■ **WHAT TO WORK ON**: In the entries that follow, the line with "유튜브 영상 캡쳐 |" opens the range and the line with "Scanning over the" closes it; repeat that range exactly, both lines included.

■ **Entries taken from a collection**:
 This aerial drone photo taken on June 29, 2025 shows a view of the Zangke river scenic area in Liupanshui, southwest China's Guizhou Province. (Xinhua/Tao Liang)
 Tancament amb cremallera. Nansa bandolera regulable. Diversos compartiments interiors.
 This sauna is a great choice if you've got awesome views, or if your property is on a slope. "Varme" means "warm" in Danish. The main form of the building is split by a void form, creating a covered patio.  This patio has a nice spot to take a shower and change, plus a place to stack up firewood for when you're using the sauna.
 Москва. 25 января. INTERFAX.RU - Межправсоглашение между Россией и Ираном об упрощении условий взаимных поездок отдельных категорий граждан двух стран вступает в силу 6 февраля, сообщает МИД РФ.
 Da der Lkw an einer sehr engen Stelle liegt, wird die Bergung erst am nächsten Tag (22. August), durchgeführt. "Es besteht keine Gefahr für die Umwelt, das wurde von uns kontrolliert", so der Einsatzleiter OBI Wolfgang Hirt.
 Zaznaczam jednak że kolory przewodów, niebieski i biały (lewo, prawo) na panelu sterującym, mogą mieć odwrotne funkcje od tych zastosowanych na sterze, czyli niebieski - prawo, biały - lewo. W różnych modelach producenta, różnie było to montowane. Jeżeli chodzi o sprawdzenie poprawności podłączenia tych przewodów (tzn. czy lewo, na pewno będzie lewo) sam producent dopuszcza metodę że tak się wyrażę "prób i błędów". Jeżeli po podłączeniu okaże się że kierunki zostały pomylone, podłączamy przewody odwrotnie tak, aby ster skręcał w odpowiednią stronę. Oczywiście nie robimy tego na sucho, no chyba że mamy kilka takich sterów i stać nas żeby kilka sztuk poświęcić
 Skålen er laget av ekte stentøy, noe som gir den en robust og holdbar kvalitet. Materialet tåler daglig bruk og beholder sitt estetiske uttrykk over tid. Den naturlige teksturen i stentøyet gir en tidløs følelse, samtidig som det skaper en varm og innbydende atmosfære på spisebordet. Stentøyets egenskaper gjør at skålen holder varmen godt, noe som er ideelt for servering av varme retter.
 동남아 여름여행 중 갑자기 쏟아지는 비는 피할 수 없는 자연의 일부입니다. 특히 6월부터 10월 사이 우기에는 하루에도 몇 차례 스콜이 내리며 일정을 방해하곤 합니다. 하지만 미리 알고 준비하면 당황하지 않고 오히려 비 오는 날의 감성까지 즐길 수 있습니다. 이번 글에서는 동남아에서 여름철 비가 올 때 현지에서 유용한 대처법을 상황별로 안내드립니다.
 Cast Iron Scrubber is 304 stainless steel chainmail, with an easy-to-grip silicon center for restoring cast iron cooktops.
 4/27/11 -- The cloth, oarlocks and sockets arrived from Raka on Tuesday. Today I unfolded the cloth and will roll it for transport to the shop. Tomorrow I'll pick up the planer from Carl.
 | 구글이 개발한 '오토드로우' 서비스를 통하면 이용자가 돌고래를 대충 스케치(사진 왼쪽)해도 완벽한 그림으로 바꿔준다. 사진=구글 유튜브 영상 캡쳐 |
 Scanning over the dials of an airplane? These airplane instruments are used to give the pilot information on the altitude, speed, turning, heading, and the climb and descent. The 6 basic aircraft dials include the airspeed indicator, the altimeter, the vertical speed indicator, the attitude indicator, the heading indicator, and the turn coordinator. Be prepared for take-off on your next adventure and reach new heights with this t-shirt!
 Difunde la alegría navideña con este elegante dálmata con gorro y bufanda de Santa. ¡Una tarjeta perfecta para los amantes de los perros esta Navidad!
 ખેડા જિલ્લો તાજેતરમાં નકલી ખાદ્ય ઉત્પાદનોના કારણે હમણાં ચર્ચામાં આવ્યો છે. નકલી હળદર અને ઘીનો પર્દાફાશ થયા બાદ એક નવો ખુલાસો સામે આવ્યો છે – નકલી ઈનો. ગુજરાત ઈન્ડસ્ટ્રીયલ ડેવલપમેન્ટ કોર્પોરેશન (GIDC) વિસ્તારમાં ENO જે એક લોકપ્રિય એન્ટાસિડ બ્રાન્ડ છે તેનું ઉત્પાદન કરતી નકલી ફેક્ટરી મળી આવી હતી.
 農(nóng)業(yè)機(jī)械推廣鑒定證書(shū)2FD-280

■ **ANSWER SPACE**:
 | 구글이 개발한 '오토드로우' 서비스를 통하면 이용자가 돌고래를 대충 스케치(사진 왼쪽)해도 완벽한 그림으로 바꿔준다. 사진=구글 유튜브 영상 캡쳐 |
 Scanning over the dials of an airplane? These airplane instruments are used to give the pilot information on the altitude, speed, turning, heading, and the climb and descent. The 6 basic aircraft dials include the airspeed indicator, the altimeter, the vertical speed indicator, the attitude indicator, the heading indicator, and the turn coordinator. Be prepared for take-off on your next adventure and reach new heights with this t-shirt!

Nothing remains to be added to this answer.